• Letting Go

    I feel like I’ve been living in a dream world, and it hasn’t been a great one. It’s been hard to endure, and although I feel relieved that my foot is finally healing, I also feel reflective. I realize that everything we do, every feeling we have presents us with a choice. How to react. How to present ourselves to others. How to present ourselves to the world. I used to be so focused on my need for order, my desire for cleanliness. I was being driven and I didn’t even know it.

    For the past two months I have sat and watched  things pile up and get messy and have had to force myself to not react. I’ve had to look at it and not give in to the desire to get up and fix things. My job was to fix my foot, and the only way to do that was to do nothing at all. I had to let go, and I have found a great peace in doing so. I let go, and it’s clear to me now that that actually works. In letting go I can stop being anxious. I can stop being edgy. I can stop being angry….

    I suppose this need to control my environment is due to the fact that I have a hard time controlling my own self… my emotions, my reactive nature, my anger at knowing that the feeling of being in control is only temporary. It’s an illusion… and although this has been said before by many others, it really doesn’t sink in, doesn’t apply to ourselves unless forced upon us.

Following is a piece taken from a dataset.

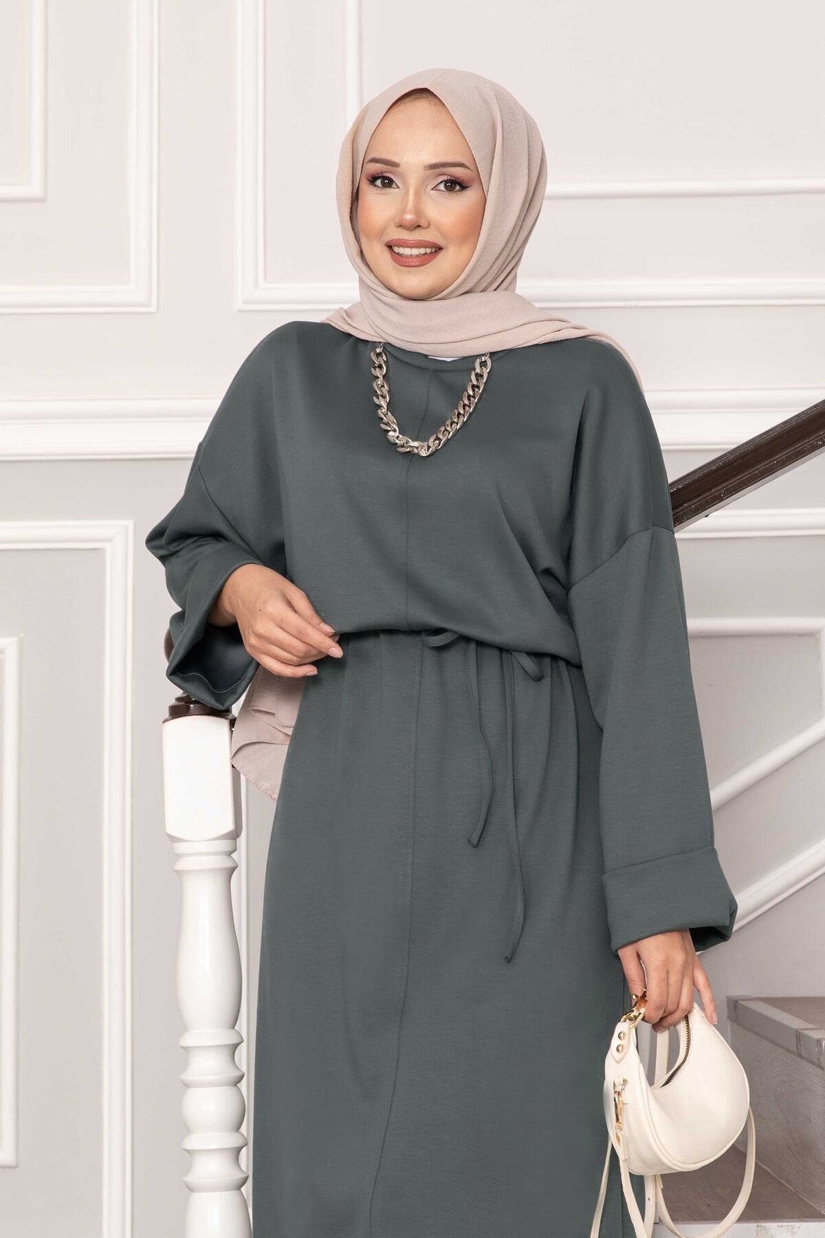 Ürün Sonbahar & Kış modasıdır. Kolu katlana bilir seyyar ip kuşaklı tam boy tesettür elbise"

    My greatest discovery out of all of this is that I can make my anger go away. It’s not about trying to control anger, that has never worked, but ironically letting go of control releases the anger. It just disappears. It doesn’t come around. In the past, when I’ve had these epiphanies, I would say to myself, “I hope this feeling stays.” This time, I have a different understanding. I know how to make it stay.

  • Broken Foot – Broken Spirit

    I’ve been sitting and sitting and sitting… falling further and further into depression. My house is filthy. Laundry is strewn all over the place. I’ve been looking at the same plate of half eaten bagel on the dining room table for days… Dishes in the sink are piling higher and higher. The refrigerator is full of take out that I can’t even think about eating…

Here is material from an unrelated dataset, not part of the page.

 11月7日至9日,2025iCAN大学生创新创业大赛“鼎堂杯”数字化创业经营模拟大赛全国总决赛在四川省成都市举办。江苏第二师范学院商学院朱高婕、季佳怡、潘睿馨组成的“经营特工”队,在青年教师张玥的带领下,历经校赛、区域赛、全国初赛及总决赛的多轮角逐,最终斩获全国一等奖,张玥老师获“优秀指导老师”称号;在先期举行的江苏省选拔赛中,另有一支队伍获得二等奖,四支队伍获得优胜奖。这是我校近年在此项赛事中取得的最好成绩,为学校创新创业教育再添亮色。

    Broken foot. 46 days of broken.

    I was fighting this in the beginning. I thought I could force my foot to behave. Walk. But now, I no longer have the drive to operate at the speed I used to. I don’t know if thats the depression or if I am really changing my behavior. There must be something for me to change out of all of this. Things happen for a reason right? Sure…

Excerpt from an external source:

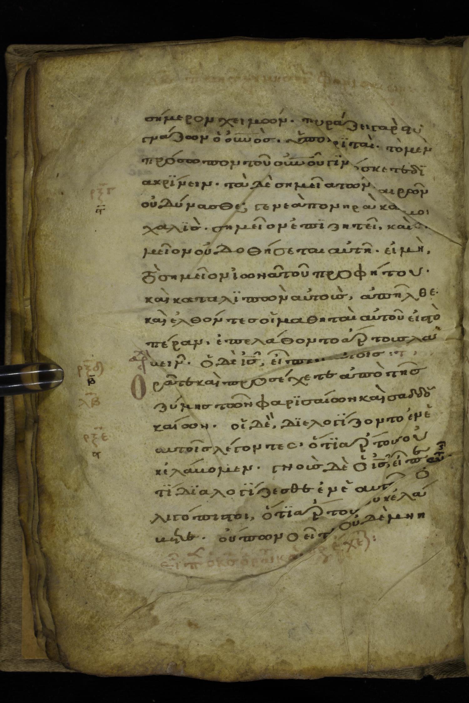 Eleventh century minuscule of the Gospels on parchment; 264 total leaves, 1 column, 20 lines per column. The manuscript is in two locations; both the portion at Muenster (148 leaves) and the portion at the National Library of Greece in Athens (116 leaves) have been digitized by CSNTM.

    “But you don’t believe in all that fate crap. You’re in control of your own life. Here have a cookie. And I promise, by the time you’re through with it, you’ll feel right as rain.”

    That’s what the oracle said to Neo in the Matrix when he still doubted that he was the one.  I personally don’t believe in it anymore either. I just haven’t had that experience with life lately. Maybe it’s part of adulthood. Life is something you have to work at. Every day. Especially if you want to have a good one. And then we get hit by the x-factor. The wild card. And bam, we’re down for the count. No matter how we plan for hard times we’re hardly prepared them. Personally, one more good hit to myself and I’m going to be right back in the hospital psych ward.

    Man plans. God laughs.

    Maybe I should study Buddhism. I have several books written by the Dalai Lama and have enjoyed them all. God I just want this pain to go away. I feel such a heaviness in my heart and I am ruminating on all of the bad that’s happened in the last 3 months. I did make things right with my ex though. I had to. My anger was toxic!